City Councilors are scheduled to host their first budget hearing June 11 with a public input session. The city has already started trying to gauge resident’s budget priorities with the annual survey, Lindsey said.
“We take the City Council’s vision, the city’s strategic plan and information from the Citizen Survey to determine priorities — and then we add in public feedback from this meeting on top of that,” he said.
Budget work continues into the early fall.
Overall, the city’s budget is $270 million per year for all the city’s funds — the general fund from sales tax, utilities from rates and fees and capital spending as well.
Lindsey said city staff will summarize the discussions for City Councilors to review. They’ll host a second input session on July 23 and should begin drafting a budget based on council and public comments.
That draft budget should be made public late in August, with the City Council hosting a September public hearing. Councilors are expected to vote on the final budget in October.

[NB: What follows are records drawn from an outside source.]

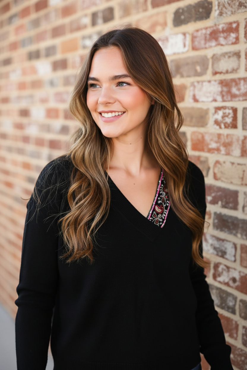 Effortlessly chic! This sweater has gorgeous beading at the neck that elevates this very cozy sweater.
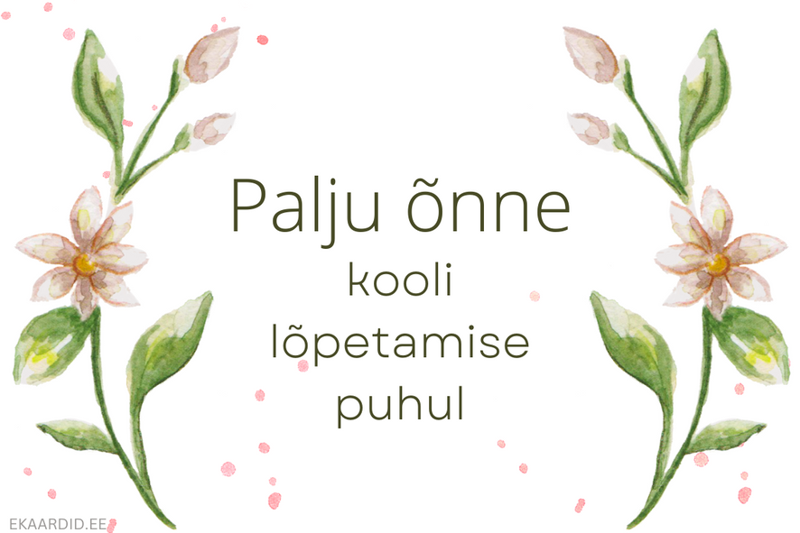 Ilus õnnitluskaart kooli lõpetamise puhul. Kaardil on kujutatud õrnad lilled, mis sümboliseerivad uut algust ja edu tulevikus. See on ideaalne tahtpaevad-kool kaart.
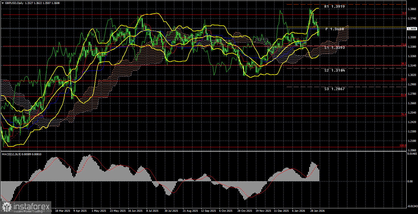 Однако, несмотря на общее падение британской валюты за последние 8 дней на 320 пунктов, даже локальный тренд фактически остается восходящим. Да, мы увидели довольно сильную нисходящую коррекцию, но коррекции могут быть разными по размеру. На дневном ТФ техническая картина и вовсе однозначная. Восходящий тренд не вызывает никаких сомнений. Таким образом, мы склонны считать, что последнее падение фунта – это в некотором роде случайность. На следующей неделе, учитывая события в США, а также неопределенность с Гренландией, Ираном, странами Латинской Америки и будущим самого Трампа, доллар может возобновить свое свободное падение.
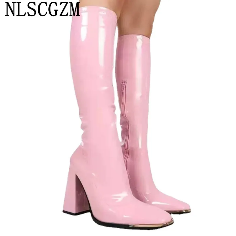 Сапоги женские высокие до колена, высокие Сапоги из лакированной кожи на высоком каблуке
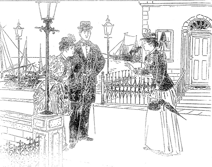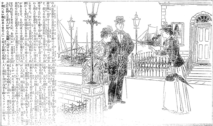 | 説明 | サクセスストーリーの大団円に近いところ。海外で財をなした紳士とその妹が、図らずも横浜の埠頭で、上の妹と再会するシーン。横浜のメインストリートには、東京より早く西洋風のガス灯が設営されていたから、夕暮れ以後になると、明治の開港場らしいエキゾチックな街のたたずまいがあったにちがいない。挿絵画家は十九世紀末の欧米のファッションをよく勉強して描いている。袖付けの独特な盛り上がりは、当時制定された看護婦の制服のデザインとして長く残った。もっとも、そのお手本のスタイル画に近すぎて、明治の日本女性の身体ではなくなっているが。右側が芸者をしていた姉の方で、パラソルと一緒に持っている婦人持ちのハンドバッグも、何年もあとになってから、銀座を歩く日本女性の必需品になるもののさきがけ。(大丸 弘) |
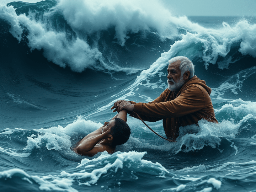 The aged man continued with his story, “grabbing a rescue line, the father had to make the most excruciating decision of his life: To which boy would he throw the other end of the life line? He only had seconds to make the decision. The father knew that his son had a firm testimony of Christ, and he also knew that his son’s friend did not. The agony of his decision could not be matched by the torrent of waves.

Lindsey said he expects staffing costs to continue being a budget driver.
“Our staff numbers were low coming out of the Great Recession, but we added staff in 2017 and 2018,” he said. “I think you’ll see that trend continue. There are still a lot of expectations from the community on our staff and we really want to fulfill those. But we are trying to do it in a financially responsible manner.”
It could include an increase in police staffing.
“One issue there is the length of time it takes to bring a police officer on,” Lindsey said. “There is recruitment, then training at an academy and then training in a field program here. So you can have a certain number of vacancies today but it takes nine months to fill those and get those folks operational. So you need to have a pipeline going.”
Street maintenance — summer and winter— could be another issue.
“According to the citizen survey, our scores for street maintenance and snow removal had gone down a little bit, so we’ll be taking a look at that,” Lindsey said. “We have been trying to put more one-time funding into street maintenance and repaving for the last couple of years, so that could continue.